Korea positive about beef rating
Korea will seek controlled-risk status regarding mad cow disease, according to the Agriculture Ministry yesterday.
The ministry said it will submit the status application to the World Organization for Animal Health (OIE) as early as next month.
The OIE, a United Nations organization, formulates a country risk assessment for mad cow disease. It has so far granted 32 countries, including the U.S., Canada, Britain and Japan, such status.
Korea is currently classified with an undetermined risk status. The OIE technical committee is expected to issue a final ruling in May 2010.
The ministry is upbeat about the result of the ruling. In order for a country to acquire controlled-risk status, its point target for samples, the number of cattle tested for the disease - should be over 300,000 with a seven-year period. The more cows examined, the more points a country gets from the OIE. According to the ministry, Korea has already notched up 370,000 points.

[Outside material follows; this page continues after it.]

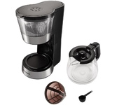 Тип кофеварки: капельная. Используемый кофе: молотый. Резервуар для воды: 1.2. Материал корпуса: металл/пластик/стекло. Тип нагревателя: проточный. Функция подачи горячей воды: есть. Тип управления: механическое. Индикатор нагрева: есть. Индикатор уровня воды: есть. Длина сетевого кабеля: 0.75. Вес товара: 1.4. Габариты упаковки (ед) ДхШхВ: 0.14x0.21x0.185. Вес упаковки (ед): 3.42. Гарантия: 12 мес.. Мощность: 900 Вт. Резервуар для готового кофе: пластик. Цвет: черный. Тип кофеварки: капельная. Мощность: 900 Вт. Тип кофе: молотый. Функции: подача горячей воды. Материал корпуса: металл/пластик/стекло

“We have examined many cows with abnormal health conditions and acquired enough point targets, so we don’t think it will be hard for us to acquire the status,” said Lee Joo-won, an official at the ministry.
A controlled-risk country is allowed to export all beef from cattle under 30 months old that do not contain specified risk materials.
Countries with a lower risk are given a negligible rating, the highest safety level in that category. As of May this year, 11 countries, including Australia, Norway, Singapore and Sweden are classified as negligible risk carriers.
The Korean government said it believes the OIE classification will help improve the credibility of domestic beef here.
“Local consumers will be also more assured about the sanitation of Korean beef,” Lee said.